Заворонский пожал плечами и вопросительно глянул на Антонину Владимировну. «Знает», — удостоверилась она и ответила неопределенно, ибо слышала от Серафимы Поликарповны, что Александр Васильевич служил, а вот в армии или на флоте, не знала:
— Да, он служил.
— Это видно. — Теперь Грибоедов, перехвативший взгляд Заворонского и, видимо, истолковавший его по-своему, обращался только к ней. — Хотя бы потому, что копает он глубже. А может, и смысл нашей службы ухватил точно: Земля-то действительно оказалась маленькой…
И хотя свои размышления Грибоедов, казалось бы, адресовал Антонине Владимировне, которой как единственной из присутствовавших в его кабинете женщине надо что-то пояснять дополнительно, с наибольшим вниманием слушал его Виктор Владимирцев…
— Кстати, — прервал рассуждения начальника политотдела Виктор. — Где мы будем жить? Я хотел бы жить на атомной подводной лодке.

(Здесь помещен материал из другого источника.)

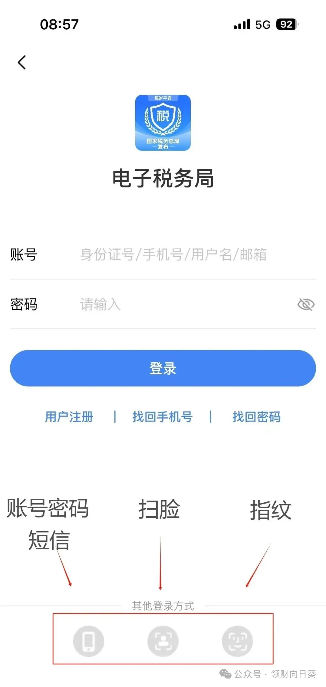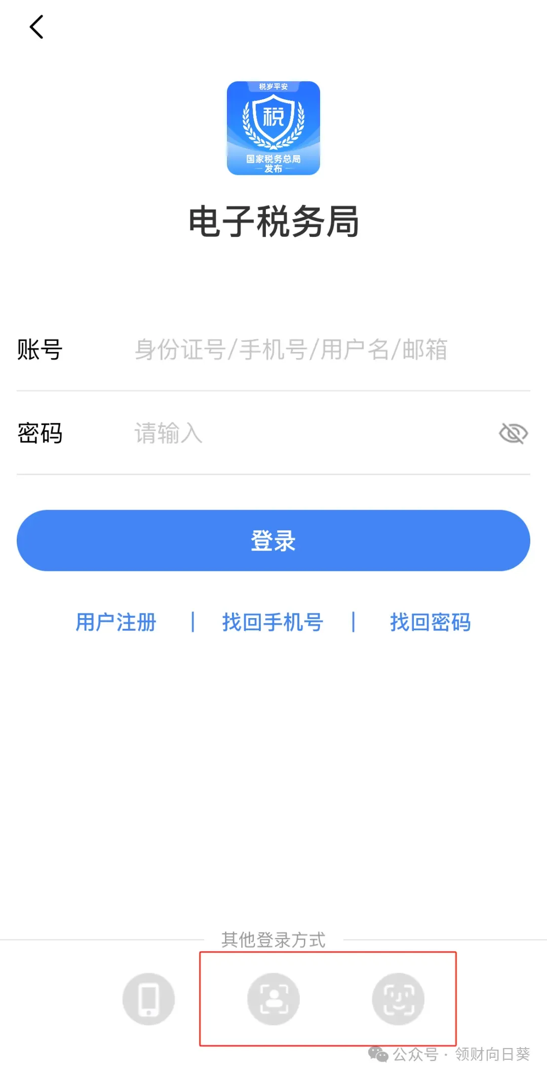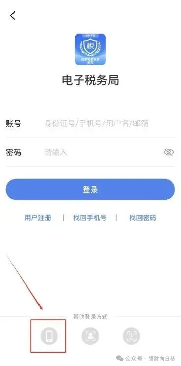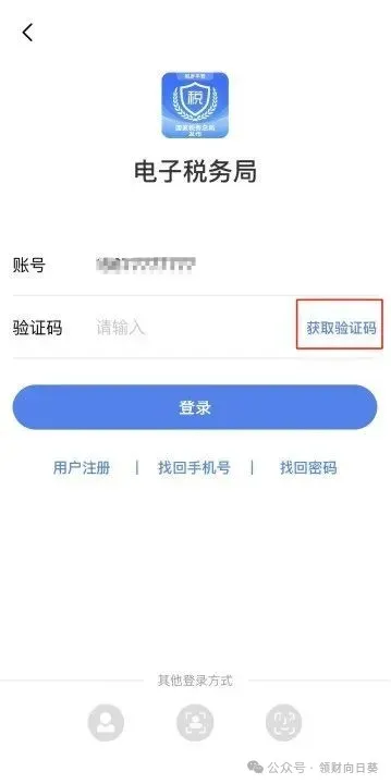 3、短信登录:在登录页面左下角选择手机图标,进入短信登录界面。在登录框中输入证件号码(或手机号码、用户名、邮箱),点击【获取验证码】,输入验证码后即可完成用户登录。
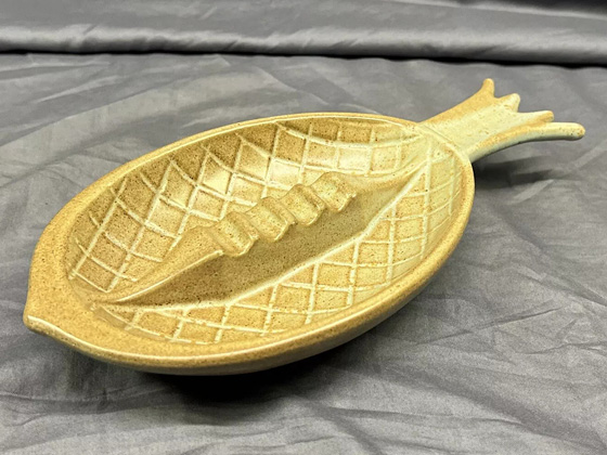 Pineapple Ashtray 10½" circa 1963-1964, Green Stoneware glaze, photos courtesy johnnysgarage on eBay

— Понимаю, — согласился Грибоедов. — Но вот какая штука: когда лодка у причала, на ней находятся только люди, необходимые для поддержания ее готовности выйти в море. Вахтенные, скажем так. Остальные живут на берегу. Почему — вы это скоро поймете. Посему мы решили так: все мужчины будут жить на плавбазе. Благо свободных кают там предостаточно, ибо флот нынче не очень-то тяготеет к берегу. Ну разве что душой. Однако, если кто-то захочет жить в гостинице, места и там забронированы.
Заворонский, окинув взглядом мужскую часть своей делегации, запротестовал:
— Ну что вы! Мы искренне благодарны вам именно за возможность жить на корабле!
Грибоедов согласно и, похоже, удовлетворенно кивнул и, повернувшись к Антонине Владимировне, сказал:
— А что касается вас… — Он нажал клавишу на панели селектора, и тотчас кто-то ответил искаженным голосом в зарешеченном динамике панели.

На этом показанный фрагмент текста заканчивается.